Monique describes her work with a natural sweetener

      Cutting down on the amount of resources we need from outside of our immediate surroundings is one of the goals of sustainable living. Although we cannot completely stop relying on outside resources, diminishing our dependency on others for our produce is a key to becoming more sustainable.


     As you look around the kitchen, there are a few important items that are not produced locally. Chocolate is one, coffee is another and sugar is yet another. As we strive to use the land we have to produce a sustainable diet, the issue of luxury items becomes apparent. Although extracting chocolate and growing coffee both pose challenges, there are sugar substitutes that can be utilized by those who want or need them.

     One such sweetener, stevia, has been used by native peoples of Paraguay and Brazil for centuries. Japan has been cultivating it since the 1970's, and it currently accounts for 40% of the sweetener in their local market. Click Here

     Native stevia species grow wild in semi-tropical and semi-arid habitats ranging from grassland to mountain terrain.
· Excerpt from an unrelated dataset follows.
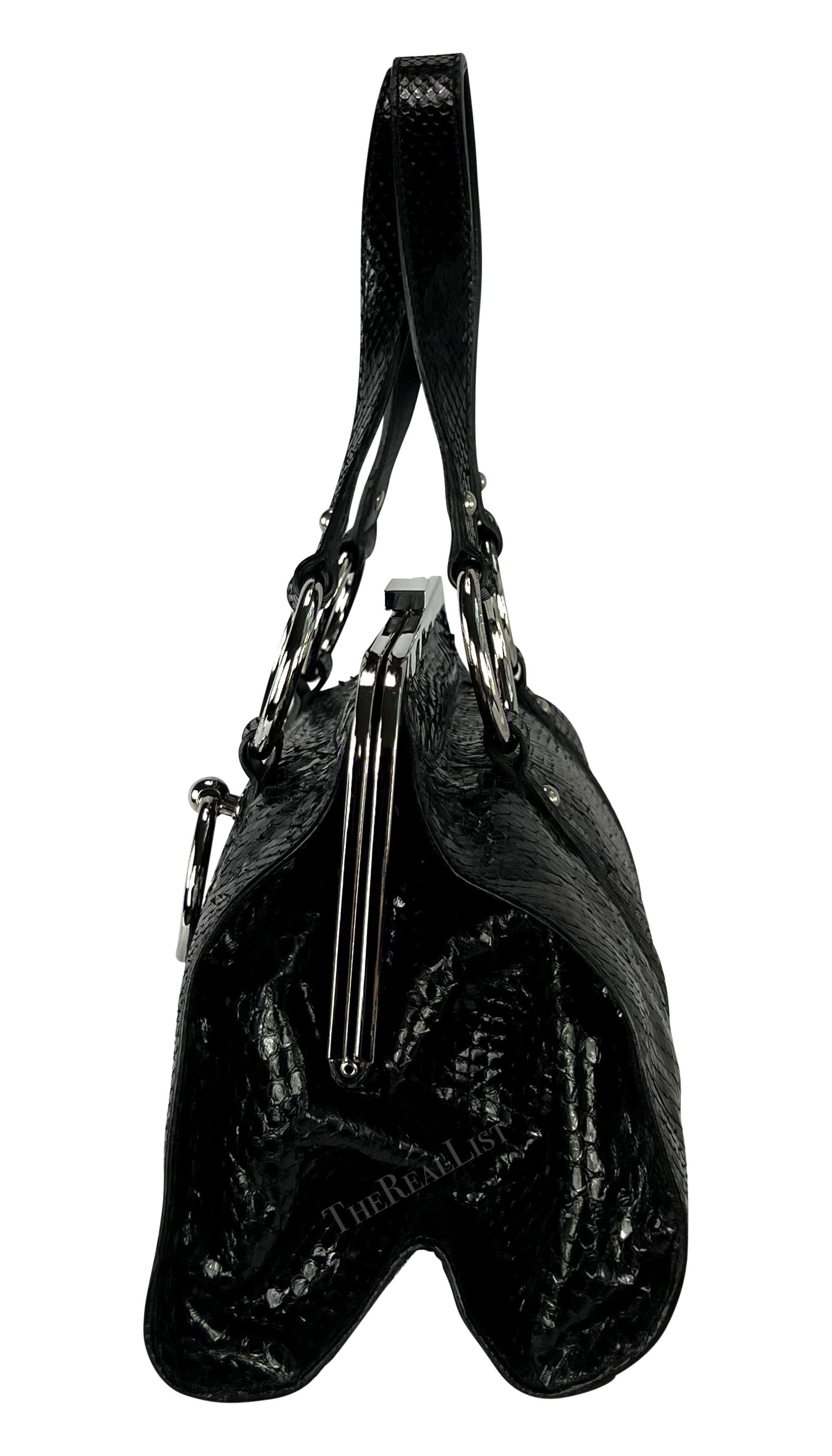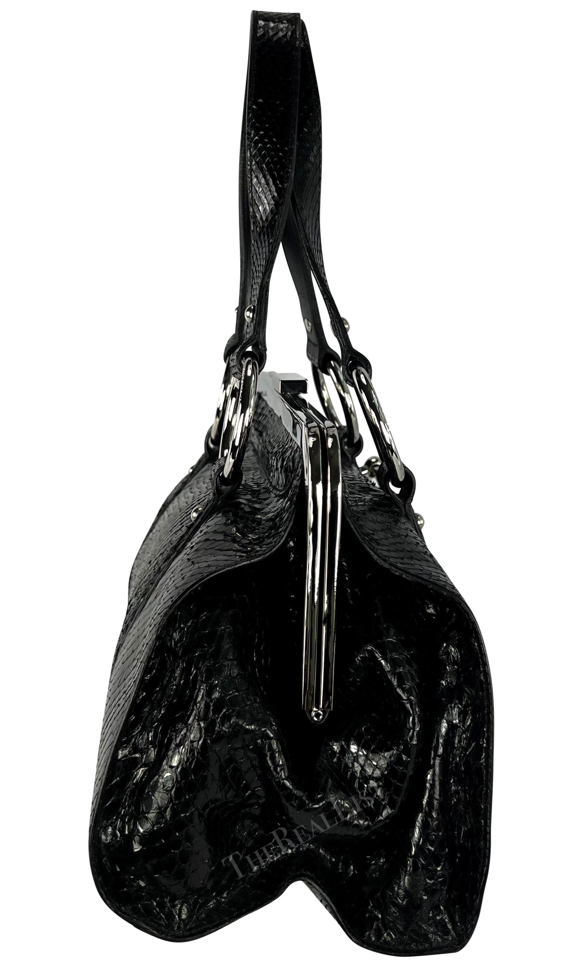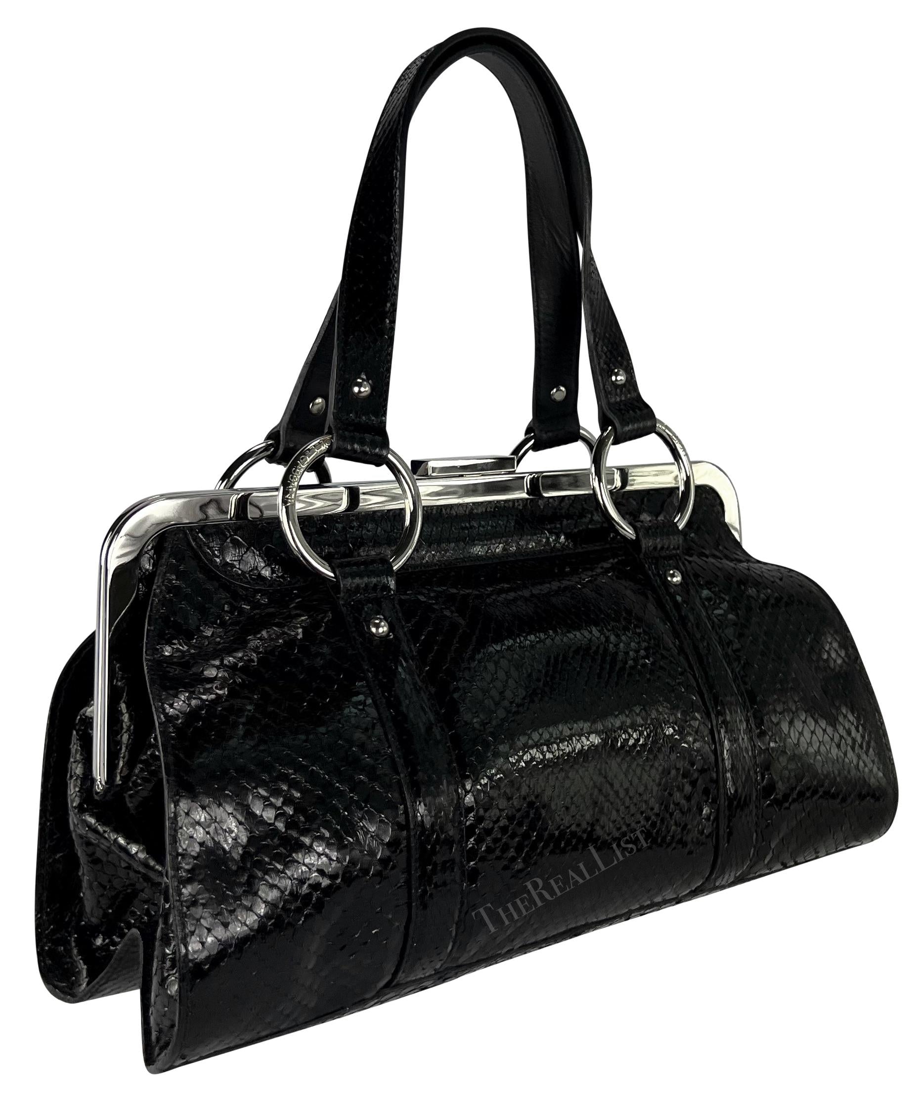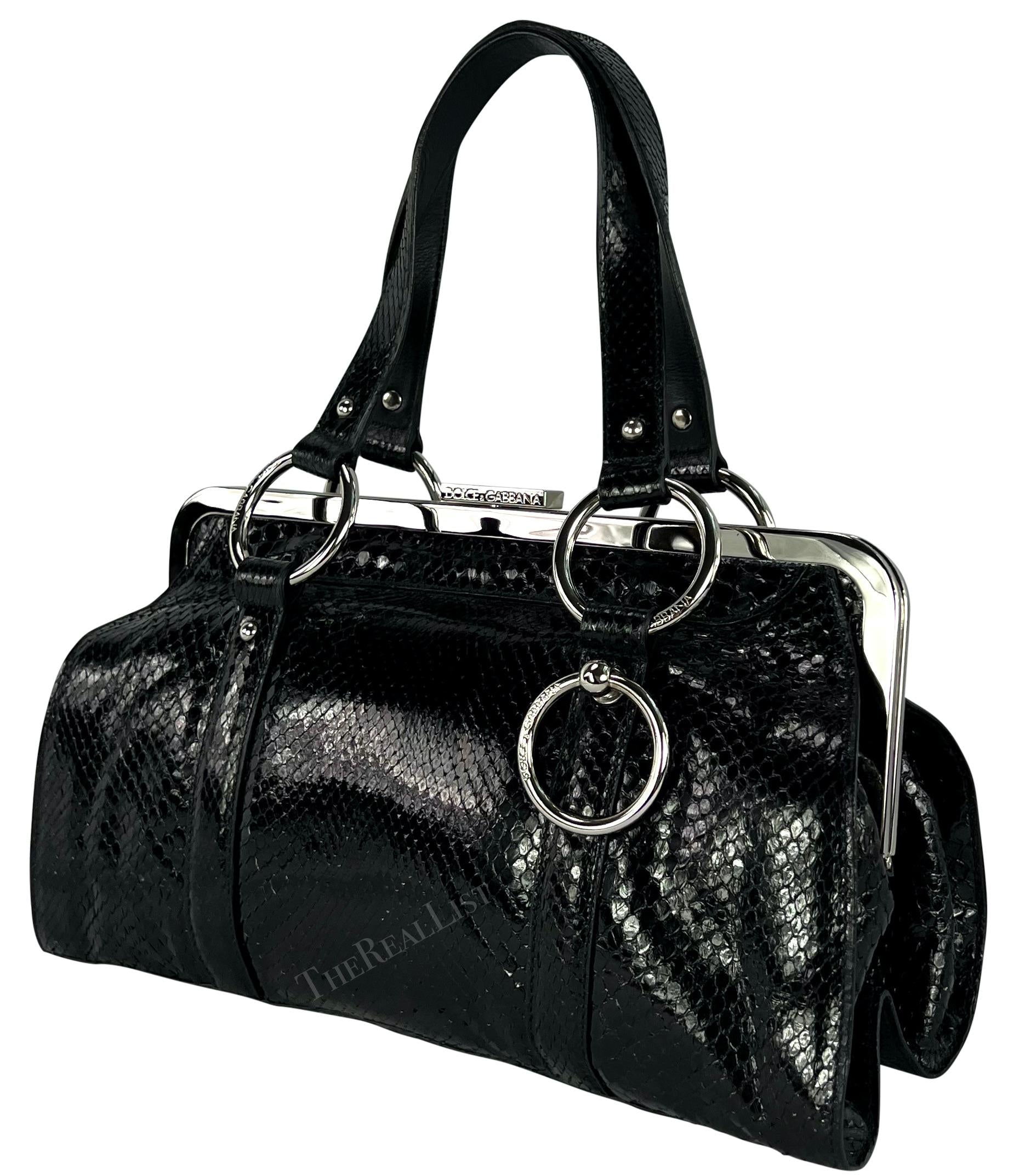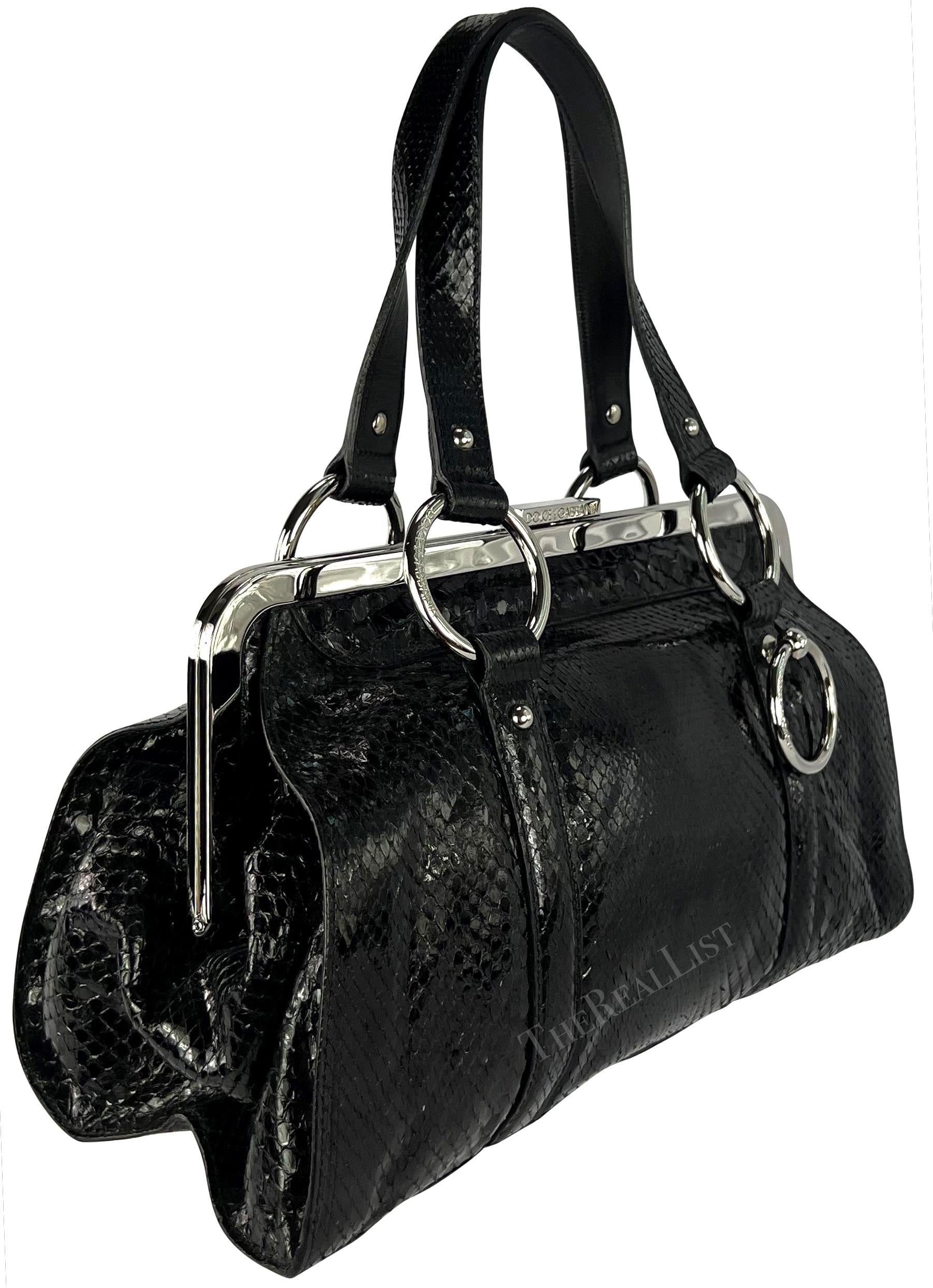 Introducing a fabulous black python skin bag by Dolce & Gabbana from the Spring/Summer 2003 collection. The patent leather iteration of this bag made its runway debut in look 8, modeled by Eva Herzigova. As seen on Victoria Beckham front row at the Fall/Winter 2003 Dolce & Gabbana runway show. Constructed entirely of black python skin, this bag features a silver-tone metal clamshell closure and is made complete with ring accents.

As a cultivated perennial it can grow in frost free areas, but it tends to lose its intensity after 3 years, so it advisable to replace it at least that often. In colder climates, "it is best to treat it as an annual herb such as basil." Click Here

     This spring, Windward purchased a flat of stevia plants as an experiment in home harvested sweeteners. Some were given to neighbors, some were planted outside, and the rest were kept in Vermadise, the greenhouse where we have grow tubes, our aquaponics model, our red earthworm population and the vault that houses our black soldier fly larvae. There were a total of 4 buckets of plants.

     Starting a few weeks ago, many of the leaves on the plants were starting to turn yellow. Because the weather had been getting increasingly colder, to the point where some of the plants inside the greenhouse started to freeze, I was concerned that we might lose our sweet crop if action was not taken. I decided to leave one bucket in the greenhouse, bring one bucket into the kitchen, and harvest the remaining two.


     I transplanted the bucket that I brought into the kitchen into a more shallow pot, because naturally stevia have very shallow roots. When you have a plant in a deep pot that prefers a shallow growing space, you end up providing an unnatural growing environment and you risk over watering the plant. As far as the harvesting goes, this turned out to be right in line with what most researchers have found; "harvesting should be done as late as possible, since cool autumn temperatures and shorter days tend to intensify the sweetness of the plants as they evolve into a reproductive state."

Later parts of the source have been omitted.